I would like to have one


----------



## RWK (Nov 14, 2007)

Post some closer pics of your brush hog


----------



## skeeterbit (Nov 14, 2007)

skinner said:


> This is what I use to clear out the brush. I can adjust it from ground level to 1 foot high to clear stumps etc.



Hey thats a good idea I like that! I bet you could sell a few of them!


----------



## skinner (Nov 14, 2007)

Thanks for the feedback. I have the patent but no one seems to want to market it. It works great and goes any place you can get to with your atv. It has a hand operated kill switch and an automatic kill switch in case you flip over. If anyone knows of someone wanting to manufacture and market it, let me know. I'll be happy to give you a free one if it works out.


----------



## skinner (Nov 14, 2007)

*Invention for one man loading of game.*

This really saves my back. Here is a winch loader that has an extending arm for loading. When not loading the extension is retracted for standard clearance. All I have to do is pull the deer up the ATV saddle and fasten it with two bungie straps. I leave the web strap on until I'm ready to slid the deer into my truck.


----------



## doenightmare (Nov 14, 2007)

skinner said:


> This is what I use to clear out the brush. I can adjust it from ground level to 1 foot high to clear stumps etc.

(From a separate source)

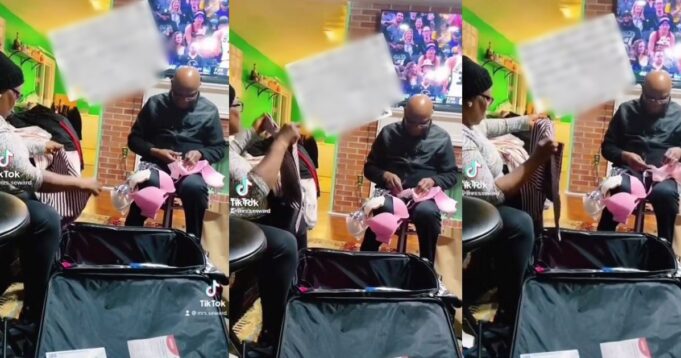 A video showing a wife joyfully helping her husband pack clothes and underwear for his other wife has gone viral after it was shared online.

How big a tree will that bush hog? What would be retail if you sold them? Looks like a neat product for trail cutting.


----------



## polaris30144 (Nov 14, 2007)

I mounted a small ATV winch in the bed of a truck, helps to load deer and saves your back. They advertise one in Cabela's but it is 110 volt, what were they thinking (long cord)? I used mine to load a moose and quite a few bear. A small piece of plywood to make a ramp to your tailgate helps. You can build a rack to fit in the pockets of your truck bed with a pulley to lift also for skinning.


----------



## skinner (Nov 14, 2007)

Doenightmare:  It works best on brush and berry bushes but will cut small soft saplings. I don't know about retail but I would guess 350 to 450.


----------



## Slayer (Nov 14, 2007)

I have an idea about something that I think would be great...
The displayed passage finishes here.